It shouldn't be opt-in on a rails new 5.2 app. There it should be enabled by default, which then also solves the test failure. We need to add:

if respond_to?(:action_dispatch)
  action_dispatch.use_authenticated_cookie_encryption = true
end

right after here:

if respond_to?(:active_record)
active_record.cache_versioning = true
end

I can make this change and remove the test I added.

I don't understand the need for upgrade_hmac_cbc_cookie_encryption — that's what use_authenticated_cookie_encryption governs.

Originally I had the upgrade_legacy_hmac_aes_cbc_cookies? method in the cookies middleware check if the salt values for CBC HMAC encryption were defined.
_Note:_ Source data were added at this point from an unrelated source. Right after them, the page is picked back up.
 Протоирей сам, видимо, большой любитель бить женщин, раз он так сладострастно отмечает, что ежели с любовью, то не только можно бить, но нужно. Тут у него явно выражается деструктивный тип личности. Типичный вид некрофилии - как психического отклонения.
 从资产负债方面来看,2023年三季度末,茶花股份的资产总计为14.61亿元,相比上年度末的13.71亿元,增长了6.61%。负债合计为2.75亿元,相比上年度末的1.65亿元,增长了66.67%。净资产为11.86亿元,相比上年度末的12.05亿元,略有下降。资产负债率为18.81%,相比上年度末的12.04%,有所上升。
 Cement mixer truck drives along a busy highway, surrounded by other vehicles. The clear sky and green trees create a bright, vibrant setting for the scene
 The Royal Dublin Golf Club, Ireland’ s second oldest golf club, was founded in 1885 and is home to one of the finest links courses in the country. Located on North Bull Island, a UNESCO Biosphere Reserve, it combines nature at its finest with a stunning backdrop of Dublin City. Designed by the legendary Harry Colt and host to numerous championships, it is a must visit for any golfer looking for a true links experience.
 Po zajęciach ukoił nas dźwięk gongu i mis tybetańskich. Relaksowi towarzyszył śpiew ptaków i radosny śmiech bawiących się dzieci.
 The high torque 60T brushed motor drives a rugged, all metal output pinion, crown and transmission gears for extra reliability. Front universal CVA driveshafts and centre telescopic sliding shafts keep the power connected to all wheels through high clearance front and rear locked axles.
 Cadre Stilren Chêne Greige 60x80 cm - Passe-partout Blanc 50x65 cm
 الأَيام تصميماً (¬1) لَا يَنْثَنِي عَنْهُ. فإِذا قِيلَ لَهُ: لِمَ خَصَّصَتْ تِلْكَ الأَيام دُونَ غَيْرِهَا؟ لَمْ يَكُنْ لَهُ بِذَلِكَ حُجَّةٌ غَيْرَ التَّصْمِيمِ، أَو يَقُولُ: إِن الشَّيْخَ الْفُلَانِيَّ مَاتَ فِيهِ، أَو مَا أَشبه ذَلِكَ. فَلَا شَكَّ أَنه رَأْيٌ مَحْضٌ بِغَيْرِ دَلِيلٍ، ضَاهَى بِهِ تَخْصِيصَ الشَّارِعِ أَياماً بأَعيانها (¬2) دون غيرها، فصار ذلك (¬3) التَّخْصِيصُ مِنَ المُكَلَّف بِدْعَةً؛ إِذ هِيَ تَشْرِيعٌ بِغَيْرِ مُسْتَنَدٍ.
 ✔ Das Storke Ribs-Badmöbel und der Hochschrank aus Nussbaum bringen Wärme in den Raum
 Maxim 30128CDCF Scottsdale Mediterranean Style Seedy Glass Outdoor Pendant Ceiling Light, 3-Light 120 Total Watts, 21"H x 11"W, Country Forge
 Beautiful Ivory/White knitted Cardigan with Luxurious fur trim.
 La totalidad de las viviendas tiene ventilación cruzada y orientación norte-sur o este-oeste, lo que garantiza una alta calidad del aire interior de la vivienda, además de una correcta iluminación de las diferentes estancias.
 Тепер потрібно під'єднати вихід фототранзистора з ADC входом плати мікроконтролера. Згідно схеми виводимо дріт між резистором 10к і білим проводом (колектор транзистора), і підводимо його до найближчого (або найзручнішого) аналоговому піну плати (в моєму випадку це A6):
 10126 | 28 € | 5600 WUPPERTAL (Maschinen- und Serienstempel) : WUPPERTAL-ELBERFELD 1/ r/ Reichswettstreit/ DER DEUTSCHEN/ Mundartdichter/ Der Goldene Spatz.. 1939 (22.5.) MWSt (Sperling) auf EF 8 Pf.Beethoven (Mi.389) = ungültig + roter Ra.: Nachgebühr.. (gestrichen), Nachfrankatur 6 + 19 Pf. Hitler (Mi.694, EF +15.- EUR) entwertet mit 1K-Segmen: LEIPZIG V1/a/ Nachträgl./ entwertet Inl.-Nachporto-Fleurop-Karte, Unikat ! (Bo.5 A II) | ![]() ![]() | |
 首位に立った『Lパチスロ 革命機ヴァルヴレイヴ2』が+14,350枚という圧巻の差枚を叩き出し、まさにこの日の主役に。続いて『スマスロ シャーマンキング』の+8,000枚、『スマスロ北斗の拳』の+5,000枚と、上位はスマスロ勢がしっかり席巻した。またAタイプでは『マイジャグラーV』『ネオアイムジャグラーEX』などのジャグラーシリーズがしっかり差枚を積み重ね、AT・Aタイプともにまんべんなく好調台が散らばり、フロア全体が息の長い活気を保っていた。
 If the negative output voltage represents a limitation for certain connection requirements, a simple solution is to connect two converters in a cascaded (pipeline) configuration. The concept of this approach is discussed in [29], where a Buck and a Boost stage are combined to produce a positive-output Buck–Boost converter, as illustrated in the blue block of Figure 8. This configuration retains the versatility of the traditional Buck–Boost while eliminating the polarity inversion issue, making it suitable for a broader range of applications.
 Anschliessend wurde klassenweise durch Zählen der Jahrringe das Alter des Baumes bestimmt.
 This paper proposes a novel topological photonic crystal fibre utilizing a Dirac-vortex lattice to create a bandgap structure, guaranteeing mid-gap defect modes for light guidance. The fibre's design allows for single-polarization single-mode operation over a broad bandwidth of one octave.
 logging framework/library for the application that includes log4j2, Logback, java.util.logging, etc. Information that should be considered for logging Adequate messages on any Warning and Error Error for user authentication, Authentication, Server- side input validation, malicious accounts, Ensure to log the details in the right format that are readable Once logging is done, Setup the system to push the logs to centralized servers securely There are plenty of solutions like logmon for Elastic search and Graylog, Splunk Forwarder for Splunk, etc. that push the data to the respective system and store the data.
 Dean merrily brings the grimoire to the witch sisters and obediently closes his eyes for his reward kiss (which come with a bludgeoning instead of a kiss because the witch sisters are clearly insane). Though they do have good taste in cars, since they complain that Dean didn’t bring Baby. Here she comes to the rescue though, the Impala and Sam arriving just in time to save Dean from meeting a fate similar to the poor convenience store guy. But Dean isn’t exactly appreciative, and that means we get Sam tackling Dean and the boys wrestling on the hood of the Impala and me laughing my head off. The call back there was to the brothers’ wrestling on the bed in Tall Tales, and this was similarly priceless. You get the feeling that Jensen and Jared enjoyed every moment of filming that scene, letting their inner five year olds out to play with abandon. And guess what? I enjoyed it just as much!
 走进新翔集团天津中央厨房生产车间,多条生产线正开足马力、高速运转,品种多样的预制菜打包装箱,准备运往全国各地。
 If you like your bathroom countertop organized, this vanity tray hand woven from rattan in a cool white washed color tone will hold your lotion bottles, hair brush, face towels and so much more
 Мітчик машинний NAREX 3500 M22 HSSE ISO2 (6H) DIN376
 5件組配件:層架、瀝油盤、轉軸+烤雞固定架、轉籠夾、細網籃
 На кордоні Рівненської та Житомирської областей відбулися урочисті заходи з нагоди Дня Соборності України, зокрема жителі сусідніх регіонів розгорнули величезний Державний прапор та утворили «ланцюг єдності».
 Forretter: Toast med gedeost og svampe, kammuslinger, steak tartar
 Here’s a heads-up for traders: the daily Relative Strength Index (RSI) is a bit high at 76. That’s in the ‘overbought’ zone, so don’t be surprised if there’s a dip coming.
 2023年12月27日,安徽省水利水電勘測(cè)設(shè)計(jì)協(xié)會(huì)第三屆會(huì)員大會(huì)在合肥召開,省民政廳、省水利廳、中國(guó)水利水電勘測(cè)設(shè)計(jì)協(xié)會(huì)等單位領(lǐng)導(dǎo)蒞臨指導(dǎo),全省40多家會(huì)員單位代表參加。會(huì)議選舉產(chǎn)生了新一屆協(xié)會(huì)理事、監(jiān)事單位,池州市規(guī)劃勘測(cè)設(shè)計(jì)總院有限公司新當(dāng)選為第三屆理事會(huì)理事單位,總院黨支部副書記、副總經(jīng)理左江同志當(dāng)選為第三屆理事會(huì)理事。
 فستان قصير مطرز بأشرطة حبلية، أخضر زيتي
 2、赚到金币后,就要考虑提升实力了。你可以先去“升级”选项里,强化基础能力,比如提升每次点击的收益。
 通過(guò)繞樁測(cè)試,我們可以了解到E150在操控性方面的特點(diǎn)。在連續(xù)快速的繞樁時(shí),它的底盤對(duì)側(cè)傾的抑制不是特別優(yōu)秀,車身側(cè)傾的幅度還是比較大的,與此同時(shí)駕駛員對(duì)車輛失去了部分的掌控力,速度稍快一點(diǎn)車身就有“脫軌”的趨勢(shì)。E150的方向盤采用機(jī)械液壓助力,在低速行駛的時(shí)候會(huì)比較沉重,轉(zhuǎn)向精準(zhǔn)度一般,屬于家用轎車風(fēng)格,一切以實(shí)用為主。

If they were, the UpgradeLegacyHmacAesCbcCookieJar middleware is used and cookies are seamlessly upgraded. If they were not defined the EncryptedCookieJar middleware is used and no upgrading is attempted when decryption fails.

Due to these salt values still being defined the UpgradeLegacyHmacAesCbcCookieJar middleware will always be used even if upgrade behavior is not needed or desired. I thought adding an explicit flag would be easier to manage this behavior than clearing the salt values (thus having upgrade_legacy_hmac_aes_cbc_cookies? return false).

Perhaps this can be solved by removing the upgrade middleware altogether in future versions. I know cleaning up the cookies middleware in general is one of the overall goals for the GSoC project so perhaps we should just leave this be for now and have it get released as is in Rails 5.2?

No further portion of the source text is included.